И сдернул с пальца перстенек, правда, не бриллиантовый, сверкающий, а простенький, с невзрачным камнем. А уже прощаясь, сказал:
   — Запомните, сударь, одно “Ребро Дракона” является зеркальным отражением другого. Держите крепко эту крупицу истины, быть может, она вам пригодится…
   Может, и пригодится. Даром, что ли, тогда, в гостинице, мучаясь от раны в ноге, Буров рисовал с натуры всю эту оккультную цветомузыку? Щурясь от пламени свечи, изнывая от слабости, жутко костеря и евреев, и арабов, и заумную каббалистическую хренотень? Сколько чернил извел, сколько матюгов сложил, сколько перьев изломал.
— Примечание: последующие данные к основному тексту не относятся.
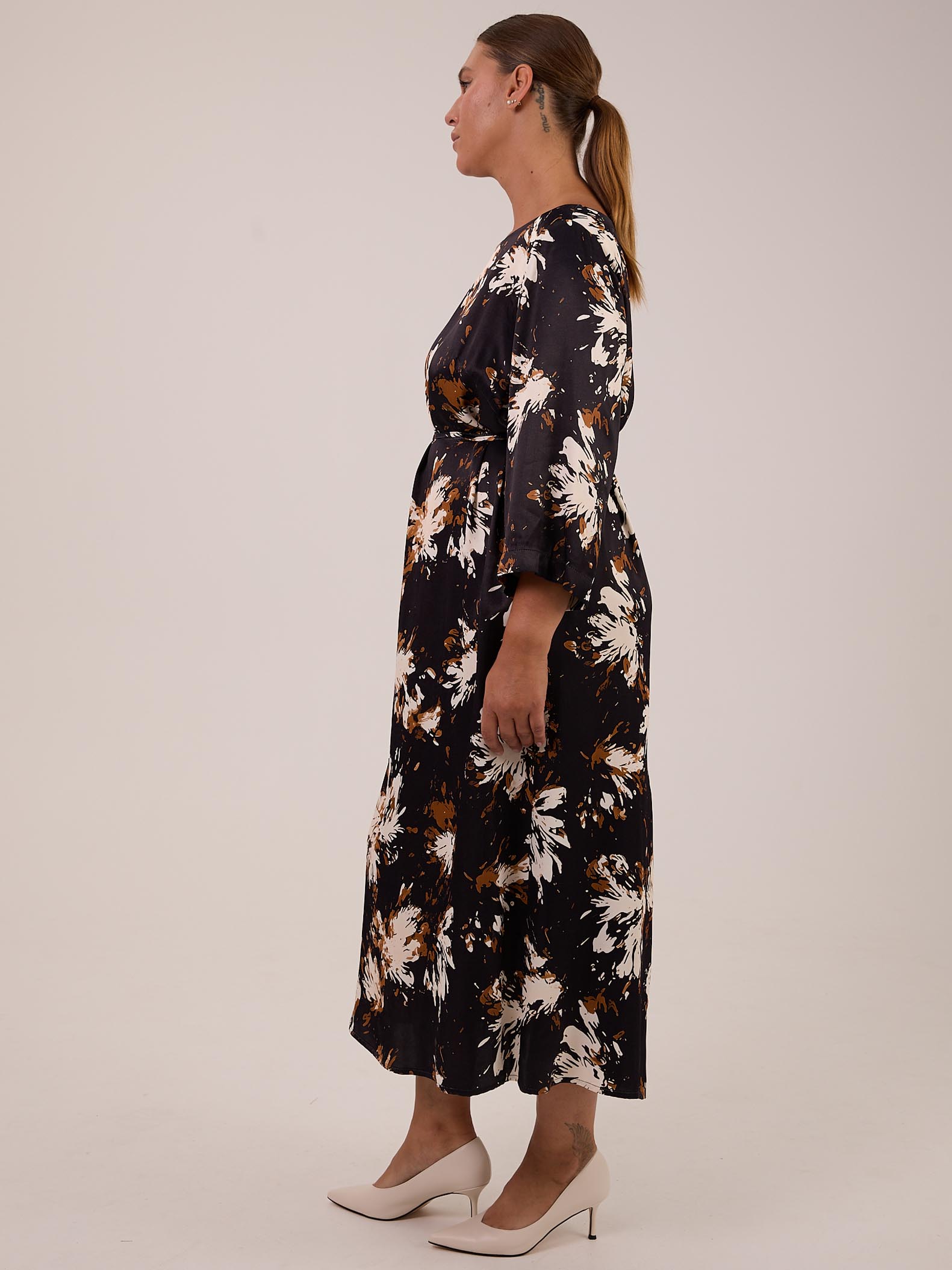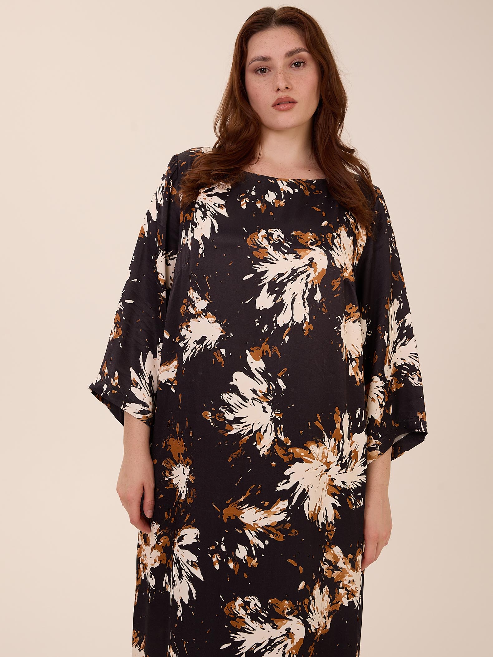 Длинное, полуприлегающее платье с незначительным расклешением к низу. Горловина оформлена широкой «лодочкой». Рукава широкие, длиной 7/8. Нагрудные вытачки обеспечивают хорошую посадку. В среднем шве спинки выполнена шлица. Есть съемный пояс-шнур. Платье выполнено из струящейся, плотной, вискозной ткани в двух принтах: черно-бежевый (цветы), черный (веревки).

Хорошо, пергамент с творением цел, лежит себе полеживает, заныканный так, что ни одна собака не найдет. И нехай себе лежит. Не зря же говорил волшебник — может, и пригодится.

Часть 2
ГАЛАНТНЫЙ УИК-ЭНД В ГАТЧИНЕ

I

   — Так, стало быть, это ты Семке Трещале в рыло-то засветил? — осведомился генерал-аншеф, он же генерал-фельдцехмейстер, он же действительный камергер, он же князь Священной Римской империи граф Григорий Орлов и оценивающе, сверху вниз, кинул быстрый взгляд на Бурова. — А не брешешь?
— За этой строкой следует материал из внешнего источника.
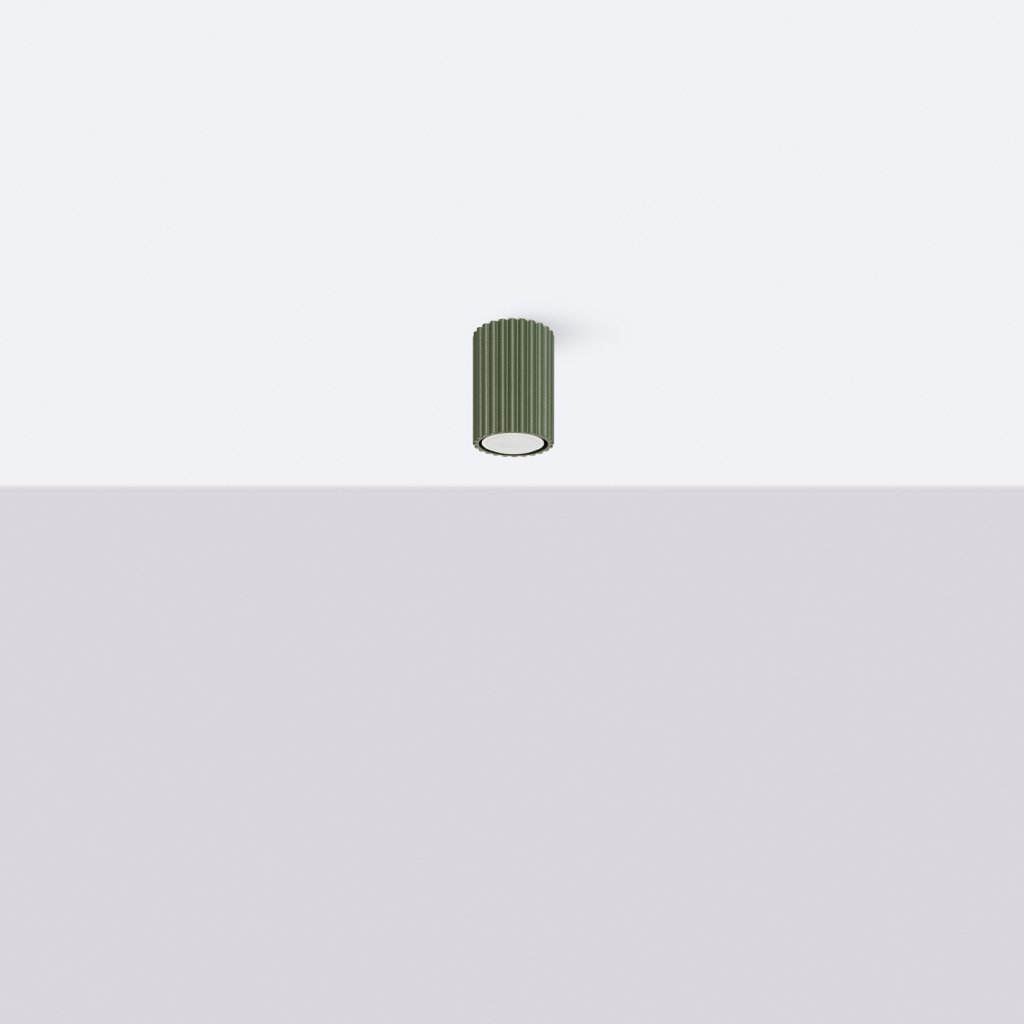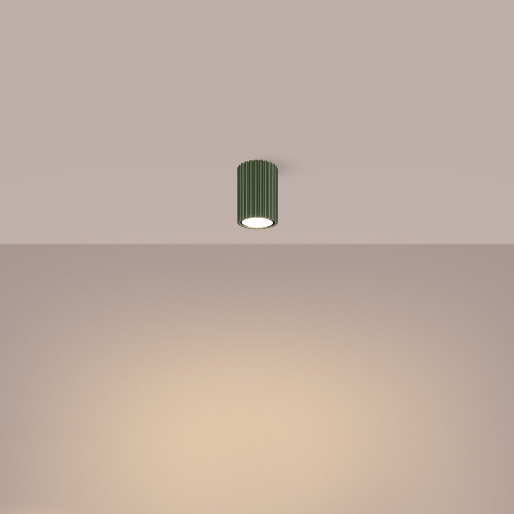 Stropní svítidlo KARBON s jedním olivově zeleným kovovým stínidlem je elegantní a moderní osvětlení, které zaujme svým jednoduchým tvarem a jedinečnou žebrovanou strukturou. Díky svým kompaktním rozměrům s výškou 10 cm působí nenápadně, přesto dodá interiéru výraz a styl.

   От их сиятельства за версту несло оделаваном[250], женскими амурными духами “Франжипан”[251] и ликеро-вино-водочным перегаром. Судя по убойной интенсивности его, выпито было не просто сильно — грандиозно.
   — Брешет шелудивый кабсдох под обоссанным крыльцом, — с улыбочкой отвечал князю Римскому Буров, и не было в его голосе ни намека на почтение. — А я, ваша светлость, человечна разговариваю. И за свои слова привык отвечать.
   Вот так, в гробу он видел всех этих аншефов-фаворитов, сами как-никак из князьев. А потом — “отбеливатель” выпит, финансы есть, патронов хватит, так что через пару дней все, хана, финита, аллес. Ищите-свищите Маргадона, можете с собаками. С теми самыми шелудивыми кабедохами. Флаг вам в обе руки, паровоз с Лазо навстречу…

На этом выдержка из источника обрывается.